Nouveau règlement concernant les traverses de cours d’eau

Un nouveau règlement provincial entrera en vigueur le 1er mars 2022. Il obligera l’obtention d’une autorisation municipale pour réaliser certaines activités dans la rive, le lit d’un cours d’eau ou une zone inondable. Ce nouveau règlement s’ajoute aux règlementations municipales déjà en vigueur.

Des demandes de permis et des autorisations municipales seront dorénavant requises avant de réaliser les activités forestières ou acéricoles suivantes :

  • La construction d’un chemin, sa reconstruction, son remplacement, son déplacement et son démantèlement dans toute rive d’un cours d’eau ou d’un lac (mesurant 10 ou 15 mètres de large selon la pente) ou dans une zone inondable identifiée par le gouvernement, la municipalité ou la MRC. L’entretien et la réparation de ce chemin ne sont pas soumis à une autorisation.
  • La construction d’un ponceau d’une ouverture de 1,2 mètre et plus, et de moins de 4,5 mètres.
  • La construction d’une structure, comme un pont, d’une largeur d’au plus 5 mètres pour traverser un cours d’eau, sans appui ni stabilisation dans le littoral.

Certaines activités ne sont pas visées par ce règlement, telles que les sentiers de débardage du bois, l’utilisation d’un chemin temporaire ou d’hiver dans la rive ou une zone inondable et l’installation d’une traverse de cours d’eau temporaire.

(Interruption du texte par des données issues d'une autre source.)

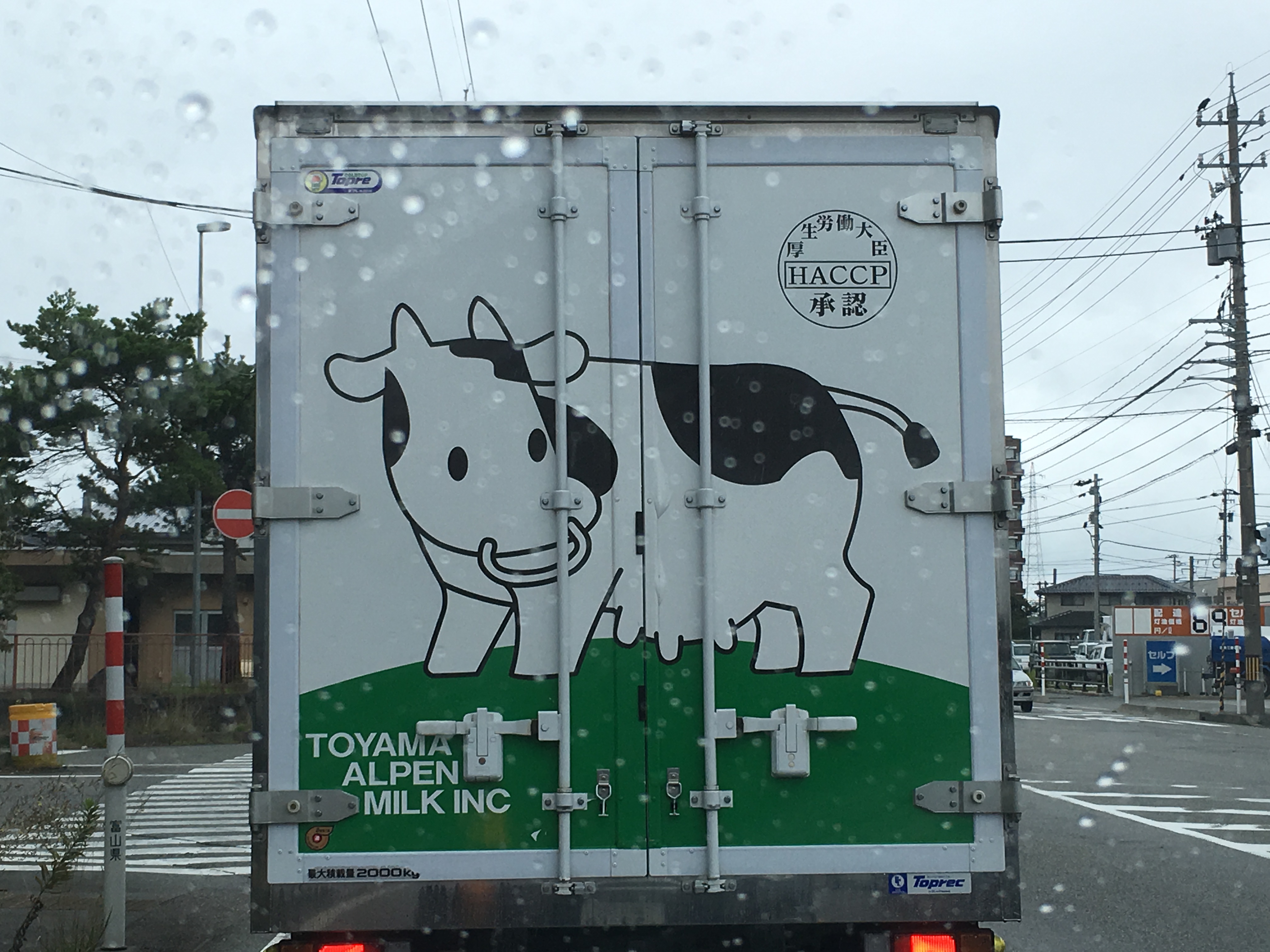 いると前にアルペン乳業のトラックで

L’aménagement d’une traverse à gué d’au plus 7 mètres de large n’est pas visée par une autorisation municipale lorsqu’elle est réalisée dans le cadre d’une activité d’aménagement forestier ou acéricole.

Le Régime transitoire de gestion des zones inondables, des rives et du littoral

Ce règlement est complémentaire aux autres règlements précédemment adoptés encadrant les activités réalisées dans des milieux humides et hydriques, soit le Règlement sur l’encadrement d’activités en fonction de leur impact sur l’environnement (REAFIE) et le Règlement sur les activités dans des milieux humides, hydriques et sensibles (RAMHHS) qui ont pour objectif d’identifier les conditions de réalisation de ces activités (consultez une synthèse de la réglementation). Ces trois règlements établiront le Régime transitoire de gestion des zones inondables, des rives et du littoral et ils remplaceront la Politique de protection des rives, du littoral et des plaines inondables mise en application par le monde municipal depuis une trentaine d’années.

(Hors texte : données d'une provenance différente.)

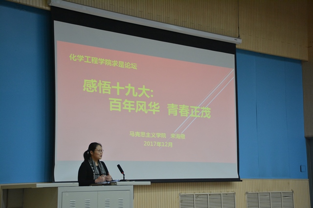 为了推动师生深刻领会党的十九大精神,引导青年一代响应党的号召,不忘初心、牢记使命,12月2日,化学工程学院在南教100举办“感悟十九大:百年风华青春正茂”主题讲座,邀请马克思主义学院马克思主义中国化系主任、党支部书记宋海儆副教授与学院师生共同感悟党的十九大精神。学院党委副书记王迅、全体辅导员、学生干部代表、入党积极分子参加本次讲座。

Ce régime est qualifié de transitoire puisqu’il est prévu qu’il soit remplacé dans les prochaines années par un nouveau règlement basé notamment sur de nouvelles cartes de zones inondables approuvées par le MELCC. Consultez cette page concernant le régime transitoire sur le site du MELCC pour obtenir davantage d’informations.

Les documents exigés pour obtenir une autorisation

En plus de tout document exigé par la municipalité locale, toute demande d’autorisation municipale pour une activité visée doit inclure :

  1. le nom et les coordonnées de la personne qui souhaite réaliser l’activité;
  2. la désignation cadastrale du lot;
  3. la description de l’activité;
  4. la localisation de l’activité, incluant la délimitation des milieux hydriques sur le lot visé et les superficies affectées par l’activité;
  5. une déclaration attestant de la conformité aux conditions prévues au RAMHHS et au REAFIE;
  6. une attestation à l’effet que tous les renseignements fournis sont complets et exacts.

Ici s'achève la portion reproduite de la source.